(Para a dona da Katy e da Havana)
Inácio, o galináceo, vindo de longe, do mato
cerrado, donde os galos cantam a plenos pulmões, adentrou o quintal emparedado,
donde o sol se esconde vez em quando entre altos prédios.
Chegou
triunfante e esparramou-se em cacarecos, em altos cantos, certo de que o dia
estaria em breve a raiar em lindo alvorecer.
E mais cocoricou porque do muro lhe chegou à vista duas formosas
galinhas, ainda empoleiradas, encantonadas, alheias ao canto de Inácio e aos
primeiros humores da manhã.
Katy e Havana, duas frangas sonolentas, ainda
de toucas, entocadas, mal humoradas, duas frangas citadinas, migradas do campo,
há muito urbanizadas.
“Que galo formoso, bem afeiçoado!”, admitiram
as galinhas ainda de olhos meio fechados, um tanto remelosos. Mas logo
reagiram, e do poleiro praguejaram: “Formoso seria esse galo, não fosse ele o
próprio diabo a fazer tanto esparramo, a gritar em altos brados, a cedo cucuritar
em versos mancos, a azucrinar nossas orelhas, que cedo não cedem à melodia, só
depois do meio-dia!”
Porém, grande é a autoestima dos galos. Daí,
Inácio, o galináceo, exibindo a linda crista sob os raios oblíquos do primeiro sol,
lançou longo, longo grito, como numa récita, como se fora tenor:
“Cócócócóri...CÓÓÓÓÓÓÓÓÓÓÓÓÓÓOÓÓ!!!!!!!!!!”
O canto ecoou vigoroso por entre as empenas
dos prédios vizinhos e bateu doído, dum modo que deu pena, nas orelhas das
frangas cheias de sono.
“Isso não é galo, é o cão; de madrugada, que
danação!” se rebelaram as galinhas, ainda que sem tirarem do poleiro as quentes
patinhas.
“Essa hora, qualquer grito e eu me irrito!”, abriu
o bico Katy.
“Essa hora, qualquer canto e eu me espanto!”,
abriu o bico Havana.
Mas o galináceo queria sucesso. Dali do muro
se via num palco, tendo por holofote o sol que principiava. No dourado da manhã,
sentiu sua crista reluzir, suas penas se encresparem. Inácio então encheu o
peito e encenou o derradeiro ato:
“Cócócócóri...CÓÓÓÓÓÓÓÓÓÓÓÓÓÓOÓÓ!!!!!!!!!!”

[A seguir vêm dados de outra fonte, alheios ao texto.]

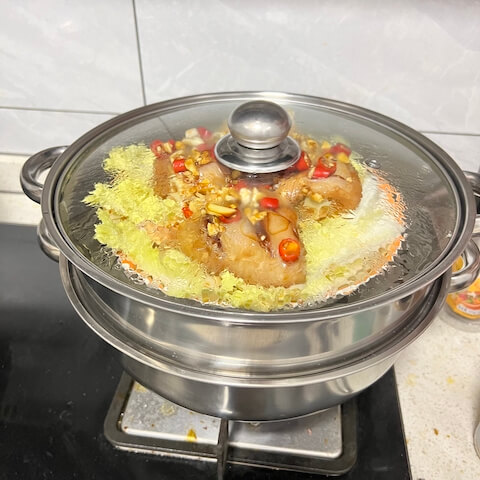 - When taking out the steamed chicken legs, please use steamer tongs or wear oven mitts to protect your hands from being burned. The steam makes the plate very hot, be careful of burns.

“De manhãzinha, mas que canto de peru!”, piou
Katy.
“De manhãzinha, isso é galo ou urubu?” piou
Havana.
Irritadas, as frangas cacarejaram num só
coro:
“Calado!
Calado!
Calado!”
Enfim magoado, Inácio baixou a crista. E lá
se foi embora Inácio, o galináceo, convencido de que na cidade galo de muito
alarido não dá pra marido.
E lá se foi o galo Inácio, calado, lamentoso
de que naquele terreiro não haveria de ter ovo galado.